Rusty walked down the front hall and out of the house, his temples throbbing. In the west, the sunset was a lurid bloodshow. The air was almost completely still, but bore a smoky stench just the same. At the foot of the steps, Rusty raised a finger and pointed it at the public servant waiting for him to leave his property before he, Rennie, left himself. Rennie scowled at the finger, but Rusty did not drop it.

“Nobody needs to tell me to do my job. And I’m going to make looking for that propane part of it. If I find it in the wrong place, someone else is going to be doing your job, Selectman Rennie. That’s a promise.”

Big Jim flapped a contemptuous hand at him. “Get out of here, son. Go to work.”

11

During the first fifty-five hours of the Dome’s existence, over two dozen children suffered seizures. Some, like those of the Everett girls, were noted. Many more were not, and in the days ahead, the seizure activity would rapidly taper down to nothing. Rusty would compare this to the minor shocks people experienced when they came too close to the Dome. The first time, you got that almost electric frisson that stiffened the hair on the back of your neck; after that, most people felt nothing. It was as if they had been inoculated.

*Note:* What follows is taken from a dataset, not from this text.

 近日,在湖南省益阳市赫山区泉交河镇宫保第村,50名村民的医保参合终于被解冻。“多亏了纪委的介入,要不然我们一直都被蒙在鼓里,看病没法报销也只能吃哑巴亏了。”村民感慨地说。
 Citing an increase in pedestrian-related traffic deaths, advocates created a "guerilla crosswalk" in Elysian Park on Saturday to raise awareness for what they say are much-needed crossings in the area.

“Are you saying the Dome is like chickenpox?” Linda asked him later. “Catch it once and you’re set for life?”

Janelle had two seizures, and so did a little kid named Norman Sawyer, but in both cases the second seizure was milder than the first, and not accompanied by any babble. Most of the kids Rusty saw had only the one, and there seemed to be no after-effects.

Only two adults had seizures during those first fifty-five hours. Both came around sunset on Monday evening, and both had easily traceable causes.

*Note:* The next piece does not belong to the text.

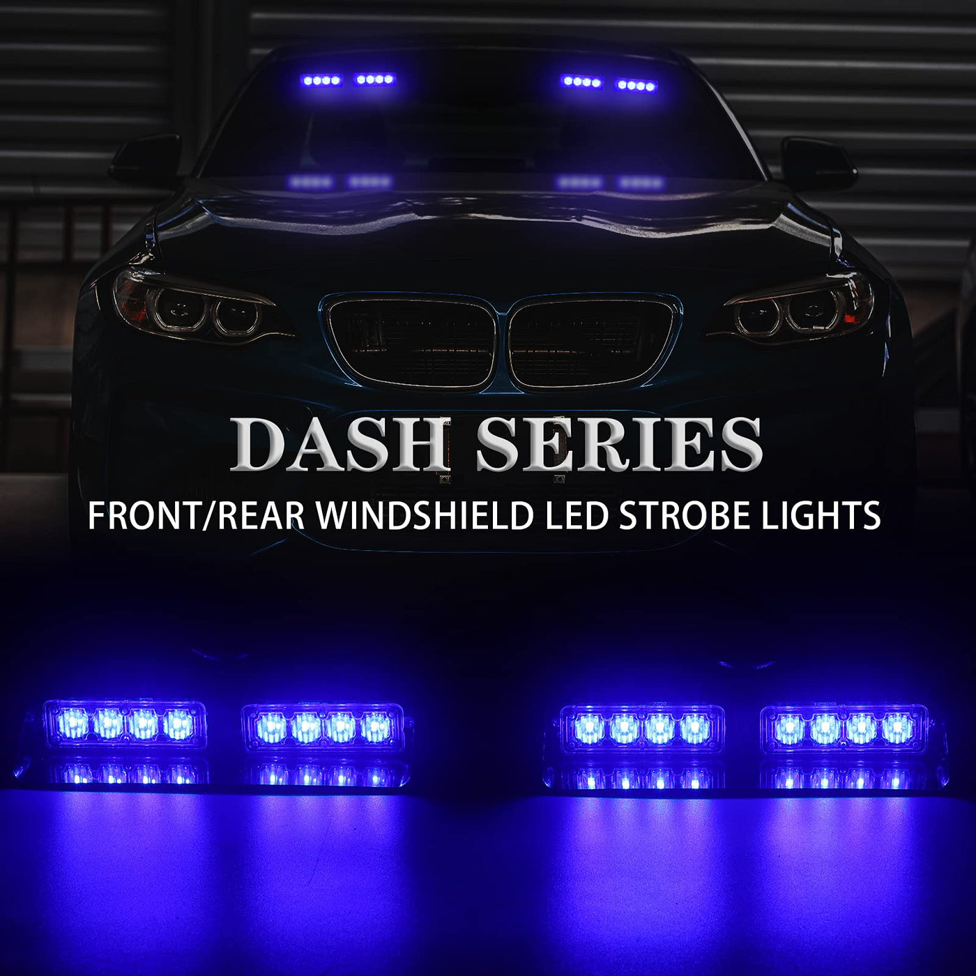 Xridonsen 2 In 1 Blue Emergency Dash Strobe Lights Warning Safety Flashing Interior Windshield Lights W/Suction Cups For Ambulan

With Phil Bushey, aka The Chef, the cause was too much of his own product. Around the time Rusty and Big Jim parted company, Chef Bushey was sitting outside the storage barn behind WCIK, looking dreamily at the sunset (this close to the missile strikes, the scarlet in the sky was further darkened by soot on the Dome), his hitty-pipe clasped loosely in one hand. He was tweeked at least to the ionosphere; maybe a hundred miles beyond. In the few low-lying clouds which floated on that bloody light, he saw the faces of his mother, his father, his grandfather; he saw Sammy and Little Walter as well.

All the cloud-faces were bleeding.

When his right foot began to twitch and then his left foot picked up the beat, he ignored it. Twitchin was part of tweekin, everyone knew that. But then his hands began to tremble and his pipe fell into the long grass (yellow and sere as a result of the factory work that went on out here). A moment later his head began to jerk from side to side.

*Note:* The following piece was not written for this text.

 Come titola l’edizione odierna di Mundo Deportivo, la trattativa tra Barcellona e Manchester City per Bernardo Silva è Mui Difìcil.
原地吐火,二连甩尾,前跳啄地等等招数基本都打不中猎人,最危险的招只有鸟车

This is it, he thought with a calm that was partly relief. I finally overdid it. I’m checking out. Probably for the best.

But he didn’t check out, didn’t even pass out. He slid slowly sideways, twitching and watching as a black marble rose in the red sky. It expanded to a bowling ball, then an overinflated beachball. It went on growing until it had eaten up the red sky.

The end of the world, he thought. Probably for the best.

For a moment he thought he was wrong, because the stars came out. Only they were the wrong color. They were pink. And then, oh God, they began to fall down, leaving long pink trails behind them.